You cannot love something that you are not in a relationship with.  Love requires exchange.  A belief that you are worthy of being with the other and there is a place for your presence when you are together that adds to the goodness in a space you share.  It's that you are actively co-creating with the object of your affection; not just observing in awe or trying to please it.  Without that relationship and presence of yourself in it - the experience of simply pouring affection or energy of any kind onto someone or something is more an experience of adoration rather than love.  We adore people and things from whom we expect nothing of and have no exchanges with.  But we love people with whom we share exchanges with and with whom their is a balance of giving and getting.

The problem the professor speaks of is about how the students believe that humans do nothing but consume and destroy the earth.  She believes that if we believe that and hold to the stance that we are unworthy and don't see how the earth loves you back then you'll be hard pressed to love it well and be in a healthy relationship with it. 

This has a lot of parallels for me.  It feels so much safer and more natural to adore and appreciate from a distance rather than argue with my shame gremlins and take the risk of being whole, transparent and give away precious parts of my soul without knowing how it will be received or if it will be returned by the one I love.  That is scary.

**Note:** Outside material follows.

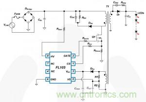 低功率照明包 括蠟燭、照明球燈泡和 20W 以下的白熾燈。 這些是小燈泡,主要用于住宅和零售場(chǎng)所。 尺寸和成本是兩個(gè)最大的關(guān)注點(diǎn),所以使用初級(jí)端調(diào)節(jié) (PSR) 拓?fù)涫且粋€(gè)很好的選擇。 一個(gè) PSR 控制器僅使用 LED 燈控制器初級(jí)端的信息來精確控制輸出電壓和電流。 消除了輸出電流檢測(cè)損耗并取消了次級(jí)反饋電路。 結(jié)果是設(shè)計(jì)用更少外部元件,滿足更緊密的恒定輸出電流要求。 一個(gè) 20W 的 LED 負(fù)載,以 80% 的功率啟動(dòng),熱損失約 4W。 圖 1 是一個(gè)使用 FL103 的電路樣本,飛兆 FPS™ 功率開關(guān)器件,是一個(gè)帶 PSR 功能的控制器。

So today I am asking myself the question, Does it love you?  My it is a more broad concept of a spiritual universe I like to picture and even more simply, just life itself.  Do I believe life loves me?  The realist in me thinks there is no way to know if life really loves me...waiting for a message in the sky or visit from some spiritual source is not something I can count on.  And if I were to just choose to believe that, who could prove me wrong?  What harm could it do? 

I think none. 

So, it has been decided.  Life loves me.

Today I do not really believe that in my core but I am going to try to.  I am going to make a sincere effort.  In fact, I will write it on my hand.  That's solid.  Or perhaps it's just as solid as I can be today.